A modified version of the Nonlinear vegetation index that uses SWIR bands. This index is designed to improve vegetation monitoring in areas with high biomass by incorporating SWIR reflectance.

Used in crop monitoring, forest monitoring, and mineral exploration.

When to use

  • Time-series monitoring of crop health, growth stages, and stress detection
  • Land cover classification and vegetation type discrimination
  • Biomass estimation and net primary productivity studies
  • Drought impact assessment over agricultural and forest areas
  • Phenology tracking — green-up, peak season, and senescence
  • Forest crown closure mapping
  • LAI estimation

Limitations

  • Saturates in dense canopies (LAI > 3) — values plateau and lose discrimination ability
  • Sensitive to atmospheric scattering, especially blue-band haze
  • Soil background contaminates measurements in sparsely vegetated areas
  • Sun-sensor geometry (BRDF effects) introduces variability across acquisitions
  • Cloud cover and shadows produce invalid pixels that need masking

What the values mean

-1 Water / Snow
-0.1 Bare ground / Built-up
0.1 Sparse / Stressed
0.3 Moderate vegetation
0.5 Healthy vegetation
0.7 Dense canopy
Surface typeTypical MNLI
Open water, snow-0.3 to -0.1
Bare soil, urban-0.1 to 0.2
Sparse or stressed crops0.2 to 0.4
Healthy crops, grassland0.4 to 0.7
Dense forest, peak season0.7 to 0.9

General Formula

nir 824
swir 1760

Sensor-Specific Formulas

Most-used sensors — click to show code below

SensorProviderFormulaBand Mapping
SPACEWILL((SWIR² - NIR1) * 1.5) / (SWIR² + NIR1 + 0.5)nir→NIR1, swir→SWIR
MAXAR((SWIR4² - NIR1) * 1.5) / (SWIR4² + NIR1 + 0.5)nir→NIR1, swir→SWIR4

Spectral Band Visualization — SuperView-2

Code Examples

Adapted for SuperView-2 bands —

mnli_superview-2.py

Frequently Asked Questions

What is the MNLI (Modified Nonlinear Index) and when should I use it?

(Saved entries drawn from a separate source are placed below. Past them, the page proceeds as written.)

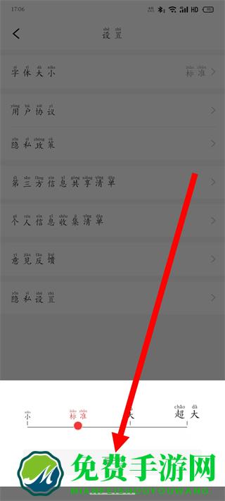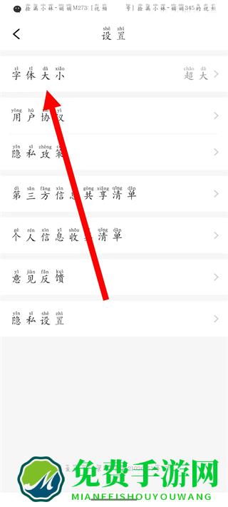 2、在设置页面,选择字体大小,进入弹窗页面。
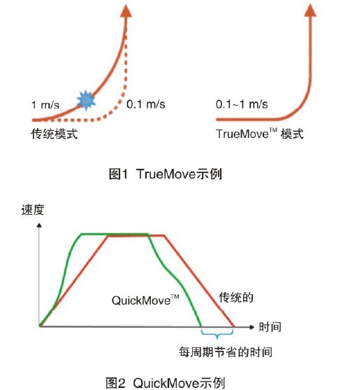 如图1所示,传统机器人在低速状况下实践途径与编程途径相吻合,但是在高速状况下做转弯运动时,实践途径就会偏离编程途径。基于初级前馈伺服控制技术的True Move极大的提升了运动控制精度,处理了机器人在高速状况下实践运动途径偏离编程途径的成绩,真正完成了所编即所得。
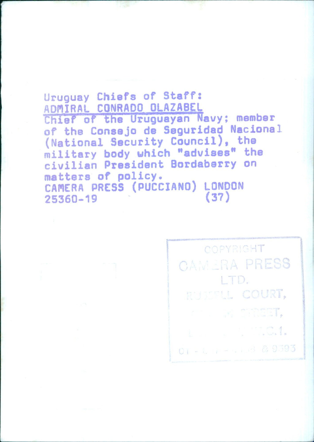 Admiral Conrado Olazabel, Chief of the Uruguayan Navy and member of the National Security Council, is photographed. The council provides advice to the civilian President Bordaberry regarding military issues. Admiral Conrado Olazabel, Chief of the Uruguayan Navy and member of the National Security Council, is photographed. The council provides advice to the civilian President Bordaberry regarding military issues.
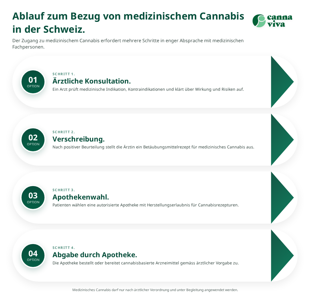 Seit 2022 ist der Zugang zu medizinischem Cannabis in der Schweiz vereinfacht – mit ärztlicher Verschreibung erhalten Sie Therapien direkt in spezialisierten Apotheken. Wir unterstützen Sie beim nächsten Schritt.
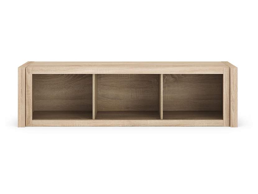 Ett praktiskt väggskåp i ek med tre fack. De förtjockade sidorna blir en snygg detalj. Skåpet kan med fördel hängas ovanför mediebänken eller sideboardet i samma möbelserie.
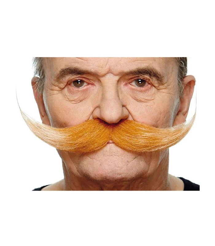 Baffi Lunghi a Punta biondi Professionali . Pratici e di sicuro effetto ti trasformeranno in un attimo nel personaggio da te desiderato , per una rappresentazione teatrale o per un semplice scherzo con gli amici
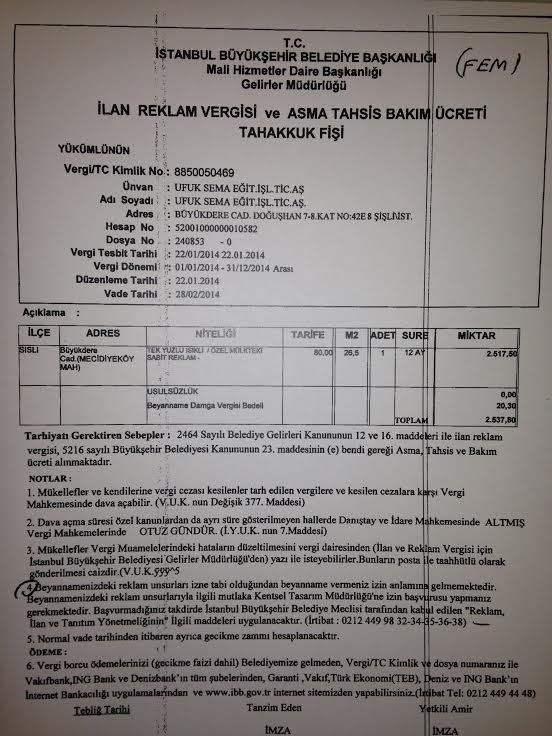 Zira sözü edilen makbuz, yani İlan Reklam Vergisi ve Asma Tahsis Bakım Ücreti Tahakkuk Fişi'nde çok açık bir ibare yer alııyor.
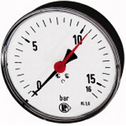 Standardmano., Kunststoffgeh., Einfachskala in bar, Anschluss hinten zentrisch, G 1/4, Güteklasse 2,5, Messber. 0 - 1,6 bar, Ø 80. Rohrfedermanometer in Standardausführung.

A modified version of the Nonlinear vegetation index that uses SWIR bands. This index is designed to improve vegetation monitoring in areas with high biomass by incorporating SWIR reflectance. Vegetation indices quantify plant health, biomass, and photosynthetic activity by exploiting the contrast between how plants absorb visible light for photosynthesis and reflect near-infrared radiation from their cellular structure. MNLI is particularly suited for forest crown closure mapping, lai estimation, high biomass vegetation monitoring. The general formula is ((swir² - nir) * 1.5) / (swir² + nir + 0.5), which requires nir and swir spectral bands.

Which satellite sensors can I use to calculate MNLI?

MNLI is supported by 2 satellite sensors in our database, including SuperView-2, WorldView 3. Each sensor uses different band designations — for example, SuperView-2 uses the formula ((SWIR² - NIR1) * 1.5) / (SWIR² + NIR1 + 0.5), while WorldView 3 uses ((SWIR4² - NIR1) * 1.5) / (SWIR4² + NIR1 + 0.5). Select a sensor above to see its specific band mapping.

What spectral bands does MNLI require and why?

MNLI requires nir (824), swir (1760). Vegetation strongly absorbs red light for photosynthesis while reflecting near-infrared light from its mesophyll cell structure, making this contrast a reliable indicator of plant vigour.

How do I calculate MNLI in Python or R?

Both Python and R code samples are provided above. In Python, use rasterio to load individual band GeoTIFF files and numpy for the arithmetic. In R, the terra package handles raster operations efficiently. The key is to load bands as floating-point arrays to avoid integer division, and to handle division-by-zero cases where the denominator equals zero. For production use, consider applying a valid data mask to exclude no-data pixels before calculation.

How does MNLI compare to NDVI and other vegetation indices?

While NDVI is the most common vegetation index, MNLI provides complementary information that NDVI cannot capture on its own. The choice of index depends on your application, sensor availability, and atmospheric conditions.

MNLI vs other vegetation indices

IndexNameHow it differs
ARIAnthocyanin Reflectance IndexAlternative vegetation index — different band combination
mARIModified Anthocyanin Reflectance IndexRefined formulation for specific conditions
ARVIAtmospherically Resistant Vegetation IndexAtmospherically corrected version
ARVI2Atmospherically Resistant Vegetation Index 2Atmospherically corrected version

Related Vegetation Indices

References

Pu et al. (2008). Comparative Analysis of EO-1 ALI and Hyperion, and Landsat ETM+ Data for Mapping Forest Crown Closure and Leaf Area Index.